Background Triple-negative breast cancer (TNBC) is the most aggressive histologic and the only subtype of breast cancer responding to immunotherapy. The immunologic portrait of TNBC is featured with unique microenvironment of high levels of tumour lymphocyte infiltration (TILs) and PD-L1 expression.1-3 In our previous work, we demonstrated that CD39+CD8+T cells represent tumour antigen-specific CD8+T cells as well as a potential biomarker that predicts response to PD-1/PD-L1 blockade in treatment-naive non-small cell lung cancer.4 From these perspectives, we hypothesized that accurate quantitation of CD39+CD8+T cell subset would predict prognosis in TNBC.5-7

Methods Tumour specific T cells and CD39+CD8+T cells were detected with flow cytometry in peripheral blood mononuclear cells (PBMCs) and TILs from 4T1.2 tumour-bearing mice as well as TNBC patients respectively. 315 Asian TNBC cases recruited from Singapore General Hospital were comprised in our cohort and multiplex immunohistochemistry/immunofluorescence (mIHC/IF) was used to detect the expression of CD39, CD8 and other immune lineage biomarkers. Associations between overall survival (OS), disease free survival (DFS) and biomarkers expression were investigated.

Results In 4T1.2 mice model, tumour-specific CD8+T cells (gp70 tetramer+) expressed significantly higher CD39 in PBMCs and TILs, especially after anti-PD1 and anti-CD137 immunization. CD39+CD8+T cells were also detected in TNBC patients' PBMCs and TILs.

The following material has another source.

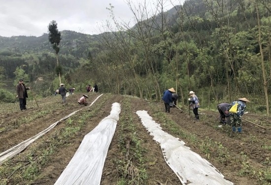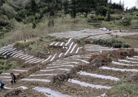 几场春雨过后,荥经县花滩镇大理村一期茶园里新苗吐绿。4月8日,田间地头,村民们正在忙着种植生姜。犁地、挖沟、种姜、覆土、铺膜,大家分工协作,有条不紊,一片繁忙景象。
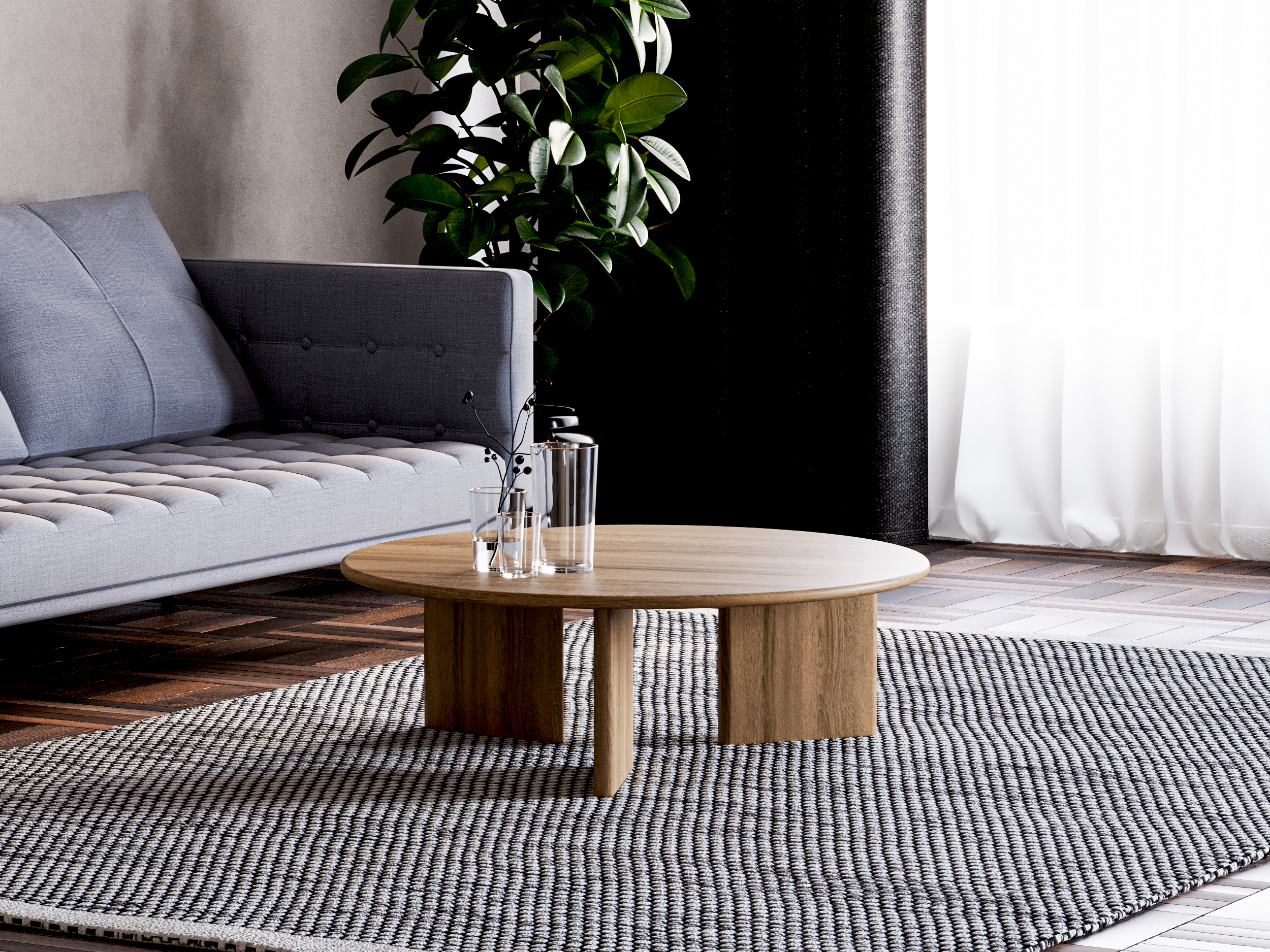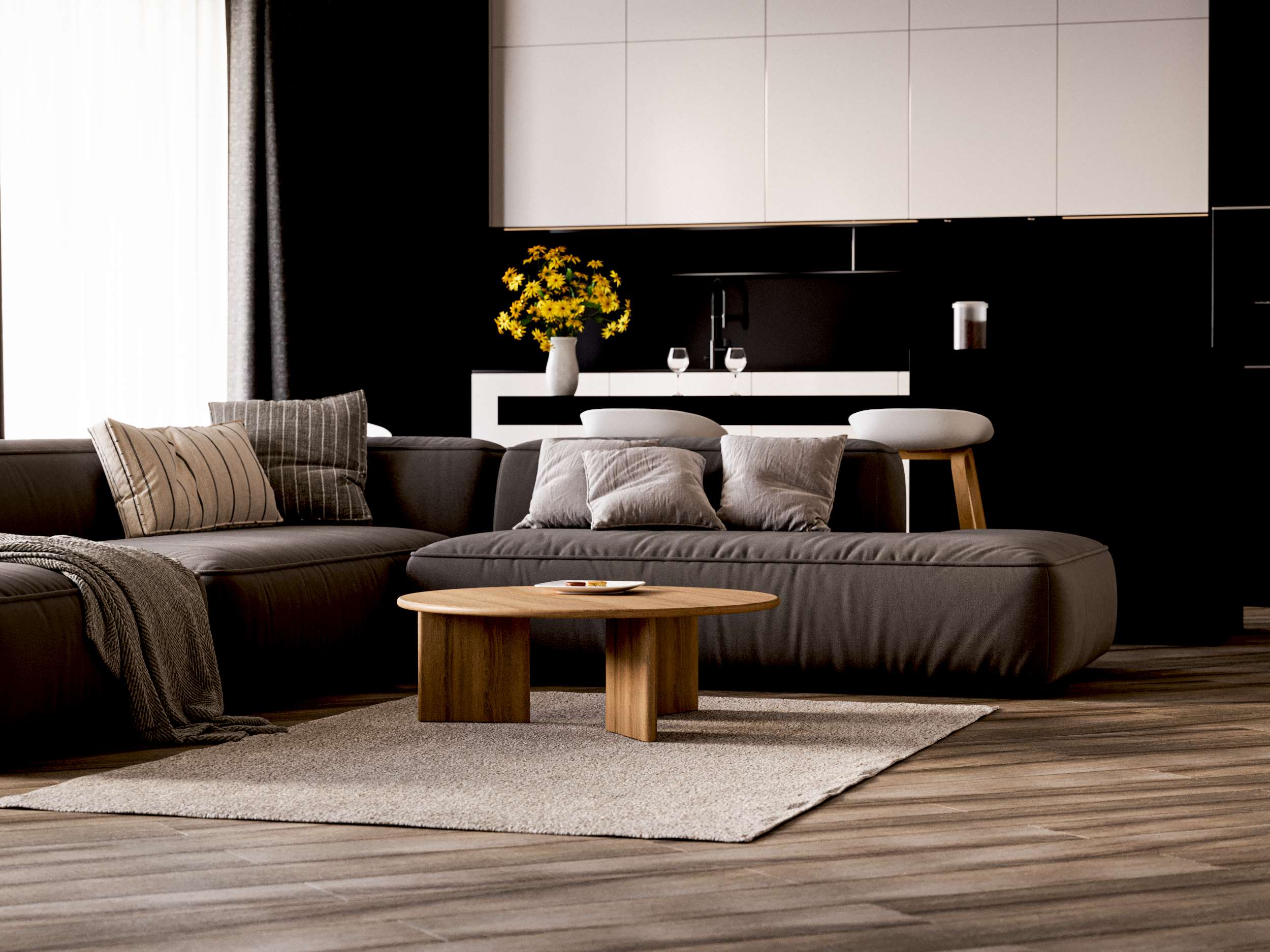 To make the natural wood of your table in the living room look great, we recommend:

Furthermore, CD39+CD8+T cell and other CD39+ sub-population immune infiltrates including CD39+CD68+ macrophages and CD39+FOXP3+ regulatory T cells were detected in TNBC tumour samples subjected to mIHC/IF. Multivariate analysis showed that tumours with high CD39+ immune infiltrates harboured significantly increased OS (HR 0.41, P=0.0029) and DFS (HR 0.59, P=0.0243), and the increase of OS was significant even after adjusting for clinicopathological parameters (HR 0.25, P=0.0154). In addition, the proportion of CD39+CD8+ T cells (HR 0.50, P=0.0317), but not CD39-CD8+T cells (HR 0.62, P=0.1420), was associated with improved OS and the prognostic significance was independent of clinicopathological parameters. Notably, multivariate analysis demonstrated that CD39+CD8+T cell proportion was similarly associated with improved OS (HR=0.49; 95% CI 0.27-0.90; P=0.0181) and DFS (HR=0.62; 95% CI 0.41-0.96; P=0.0287). For other sub-populations of CD39+ immune infiltrates, CD39+CD68+ and CD39+FOXP3+ immune infiltrates were not associated with improved OS or DFS.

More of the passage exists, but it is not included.